Понятие "идея" у Шопенгауэра близко к понятию "интуитивное созерцание" у Ибн Араби. У того и другого конструируется такое философское знание, когда картина мира рисуется не трезвым аналитиком, а вдохновенным художником, сердцем ощущающим свое единство с мирозданием.

Так, когда Ибн Араби говорит о чувствах человека, то речь идет не об обычных чувствах (зрение, осязание и т.п.), а о том, что называется "чувством красоты", "чувством истины", "чувством долга" и т.п. С их помощью человек способен строить свои отношения с окружающей действительностью, не обращаясь к разуму, получая знание непосредственно, по подсказке этих "чувств". Такой метод познания Ибн Араби обозначает термином "мушахада", что буквально переводится как "лицезрение", "наблюдение", "свидетельствование". Таким образом, термин "мушахада" на языке философии можно передать словосочетанием "интуитивное созерцание" [8: 59].

Идея, по Шопегауэру, "в своей мощной первобытности почерпается только из самой жизни, из природы, из мира <...>. Только из такого непосредственного восприятия исходят настоящие произведения, носящие в себе бессмертную жизнь. Именно потому, что идея созерцательна, художник не сознает в абстракциях намерения и цели своего произведения; не понятие, а идея носится перед ним; поэтому он не в силах дать отчета в своих действиях: он работает, как люди выражаются, по одному чувству и бессознательно, даже как бы инстинктивно" [7: 466–467].

Способность интуитивного созерцания, настраивающего на сопереживание в неразделенности субъекта-объекта, увидел Вл. Соловьев в Тютчеве. Он тоже говорит о чувстве красоты – "художественном чувстве", делающим человека поэтом. Благодаря этому чувству и создается художественная картина мира. Дело поэзии, как и искусства вообще, считает Соловьев, не в том, чтобы "украшать действительность приятными вымыслами живого воображения", а в том, чтобы "воплощать в ощутительных образах высший смысл жизни". Высказывание о том, что Тютчев принимал и утверждал прекрасное не как вымысел, а как предметную истину, потому что "чувствуя жизнь природы и душу мира, был убежден в действительности того, что чувствовал", тоже отчетливо перекликается с определением идеи у Шопенгауэра [см.: 19: 111].

Вся лирика Фета является выражением переживания сокровенного, полноты Бытия, высшего мига сопричастности Целому.

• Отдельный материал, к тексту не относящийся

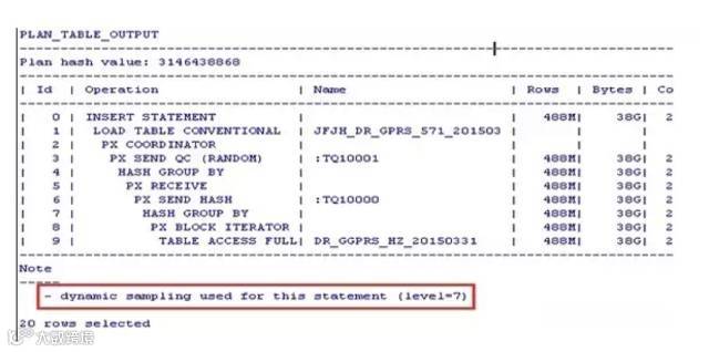 动态采样怎么办呢?这个DR_GGPRS_XX_YYYYMMDD表大地市超过400G,想收集统计信息是不可能的,何况作业每天仅仅跑一次,也不存在什么游标共享的问题了,干脆直接绑定执行计划,避免动态采样,在2号节点测试一下。

Неразделенность субъекта-объекта в со-переживаниях определяет вхождение в прямое общение с Целым, благодаря чему у Фета формируется своя художественная система, в которой разрушаются традиционные представления о тропах, когда "плакала трава" – уже не метафора дождя, как было у прежних поэтов. Как пишет Б.Я. Бухштаб, у Фета "человеческие чувства приписываются явлениям природы без прямой связи с их свойствами. Лирическая эмоция как бы разливается в природе, заражая ее чувствами лирического "я", объединяя мир настроением поэта". И именно этим объясняется то, что у Фета "цветы глядят с тоской влюбленной", роза "странно улыбнулась", ива "дружна с мучительными снами", звезды молятся, "и грезит пруд, и дремлет тополь сонный" и т.п. [2: 84].

В лирике Фета происходит переосмысление художественного принципа метафоры, формируется новое осмысление системы тропов, основанной не на механизме причинно-следственных отношений, а на восприятии мира как со-переживания в неразделенности субъекта-объекта. Новый язык тропов и должен передавать те таинственные соответствия в воспринимаемом Целом.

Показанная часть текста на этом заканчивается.